Neste artigo, explicaremos o que é a hipossuficiência econômica e como ela pode ser comprovada para que a pessoa tenha acesso à gratuidade de justiça, importante instrumento para a legitimação do acesso universal à justiça no Brasil. Boa leitura!

O que é hipossuficiência econômica?

Dentro do universo jurídico, a hipossuficiência econômica é a condição de uma pessoa física ou jurídica de incapacidade financeira para custear as despesas relacionadas ao acesso à justiça.

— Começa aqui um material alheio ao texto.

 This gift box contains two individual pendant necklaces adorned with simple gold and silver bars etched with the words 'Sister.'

A hipossuficiência (pouca suficiência, ou escassez daquilo que faz alguém ou algo autossustentável) é regrada nos artigos 98 a 102 do Novo Código de Processo Civil (Lei nº 13.105/15), que disponibiliza os critérios para que seja concedido o acesso gratuito à justiça.

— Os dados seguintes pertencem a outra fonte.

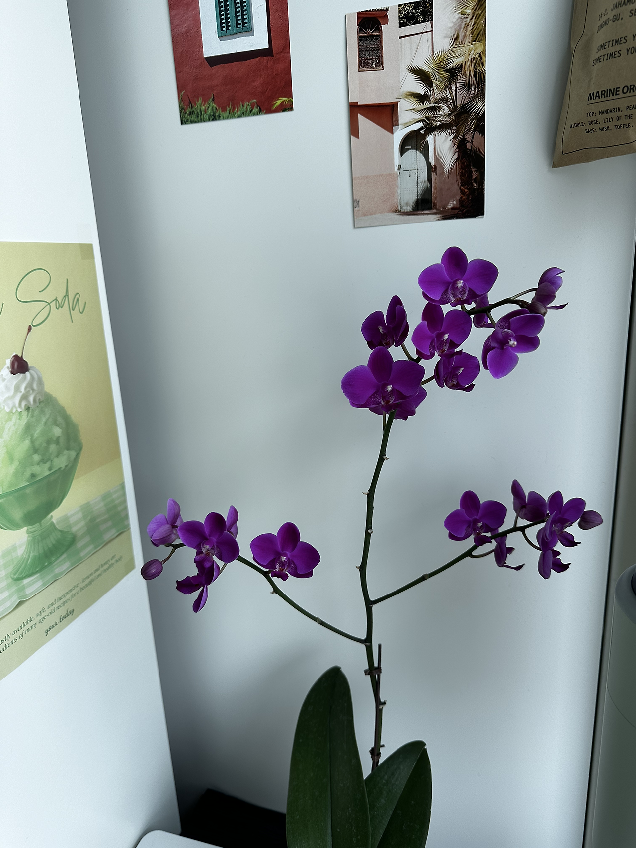 또 들이고 싶었던 건 꽃나무였는데, 그 중에서도 호접란을 키우고 싶었다. 몇년 전 밀라노에서 방문했던 이탈리아인 친구 집 곳곳에 난을 키우고 있었다.(일회용 플라스틱 컵에 무심하게 심겨진 채). 내 기준 호접란은 값비싼 식물이어서, 이탈리아인 친구의 호접란에 대한 쿨한 태도가 꽤나 멋지게 느껴졌고, 언젠가는 나도 무심히 난꽃을 키워보고 싶었다. 어느 주말 집 근처를 걷다가 길에서 5천원에 파는 호접란을 만나게 됐고, 그렇세 진한 핑크색 꽃송이가 꽤나 많이 달린 [호접]을 들이게 됐다. 선배가 승진했을 때 근사하게 보내던 꽃이었는데, 단돈 5천원에 우리집에 온 호접.
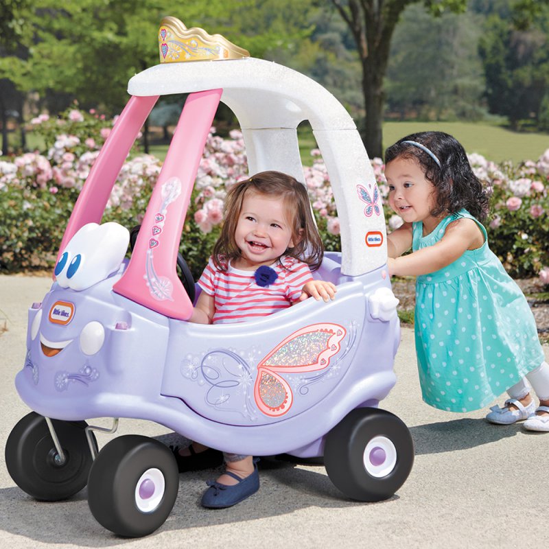 Jeździk Cozy Coupe Wróżka w kolorze fioletowym został wyposażony w kierownicę z klaksonem. Nisko położony środek ciężkości pozwala na bezpieczną i pewniejszą naukę pierwszych „kroków” na jeździku. Dodatkowo przednie kółka obracają się o 360º dla wygodniejszego prowadzenia i skręcania.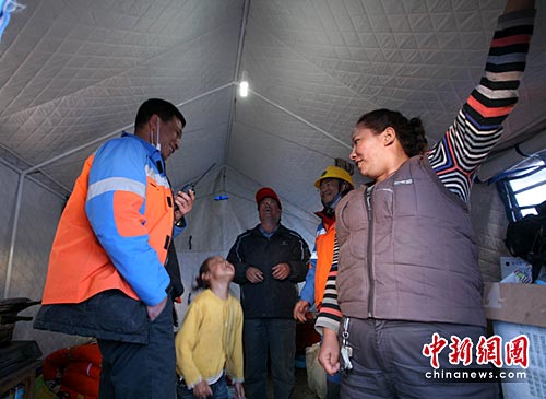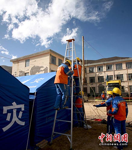 中新網(wǎng)青海玉樹(shù)4月21日電(夏江 記者劉忠俊)今晚,我終于可以看書(shū)學(xué)習(xí)了!紅旗小學(xué)6歲的青梅拉措拉著媽媽的手高興地說(shuō)。青海玉樹(shù)4.14地震發(fā)生以來(lái),玉樹(shù)州最大的小學(xué)紅旗小學(xué)就停止了供電,經(jīng)過(guò)四川省電力公司抗震救災(zāi)搶險(xiǎn)隊(duì)員的努力,玉樹(shù)紅旗小學(xué)全面恢復(fù)供電。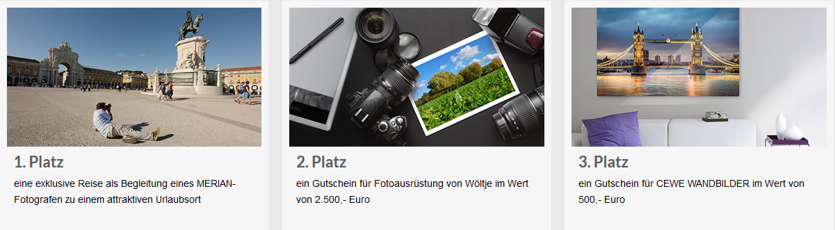 20.10.2016 – 20.10.2017 Unser Jahr ist in vier Perioden gegliedert, die sich vor allem klimatisch unterscheiden – und jede Jahreszeit hat ihren eigenen Reiz: Die Frische des Frühlings, die langen Tage des Sommers, die Unbeständigkeit des Herbstes oder die dämmrige Stimmung des Winters bieten ganz besondere Motive für jeden Fotografen. Wir freuen uns auf Ihre spannendsten Aufnahmen aus den vier Jahreszeiten und vom Wandel dazwischen. Außerdem haben Sie bei der Aktion "Leserfoto des Monats" die Chance, Ihr Foto exklusiv im MERIAN-Heft zu präsentieren. Als Hauptgewinn lockt eine exklusive Reise mit einem MERIAN-Fotografen zu einem attraktiven Urlaubsort. Hier bietet sich die Möglichkeit, dem Profi bei der Arbeit über die Schulter zu schauen und das Reiseziel selbst fotografischen zu entdecken. Der zweite Preis ist ein Gutschein für Fotoausrüstung von Wöltje im Wert von 2.500,- Euro. Als dritten Preis vergeben wir einen Gutschein für CEWE WANDBILDER im Wert von 500,- Euro. Die Plätze 4 bis 10 gewinnen jeweils einen Gutschein für CEWE Fotoprodukte im Wert von 100,- Euro. Außerdem erhalten alle Gewinner ein Jahresabonnement des Kultur- und Reisemagazins MERIAN. Wir wünschen viel Erfolg! Sylke Wer ist online?Mitglieder in diesem Forum: 0 Mitglieder und 23 Gäste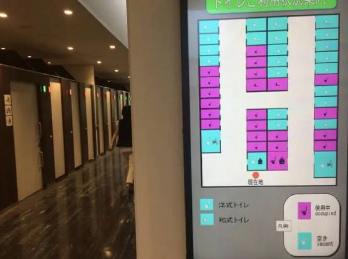 34. В Японии можно не искать свободную кабинку - вся информация есть на экране при входе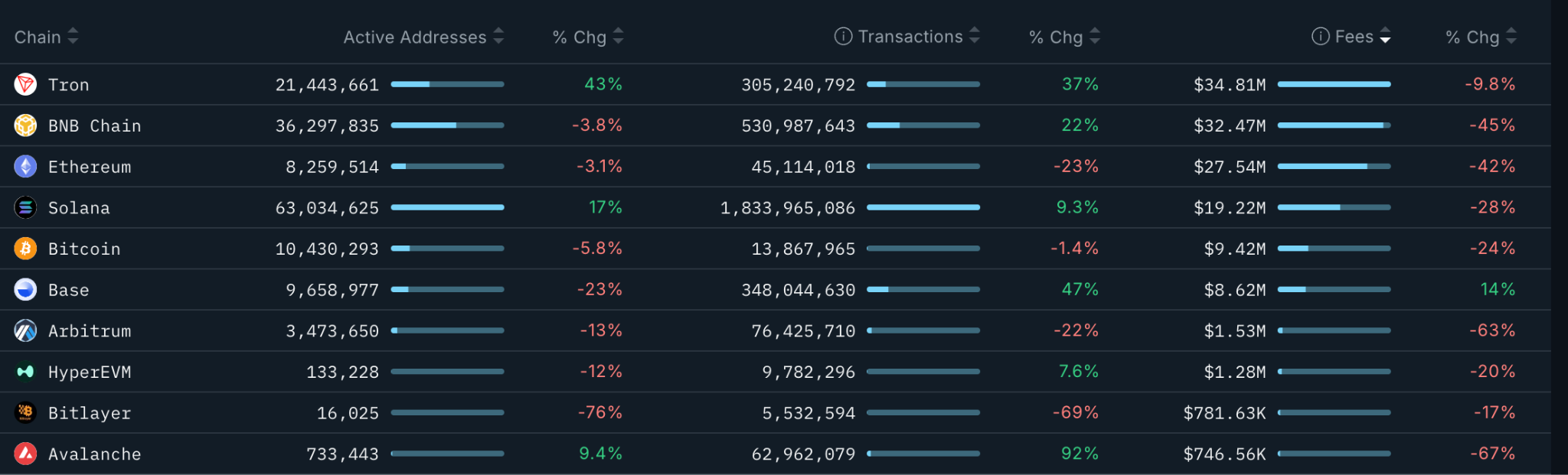 Ethereum’s fees over the past 30 days dropped to $27.54 million on Friday, representing a 42% decrease. Solana’s fees declined just 9.8% while BNB Chain revenue dropped by 45%, reinforcing the bearishness in the market.

Dessa forma, a hipossuficiência econômica, dentro do ordenamento jurídico brasileiro, é atribuída àquela pessoa que não pode arcar com os custos do ingresso e dos trâmites judiciários sem comprometer o seu sustento e a sua subsistência.

O que é uma pessoa hipossuficiente?

Como trouxemos acima, a pessoa hipossuficiente, na perspectiva do acesso universal à justiça, firmado no inciso XXXV da Constituição da República Federativa do Brasil de 1988, é aquela que não pode arcar com as custas do ingresso à justiça sem comprometer o seu sustento de forma radical.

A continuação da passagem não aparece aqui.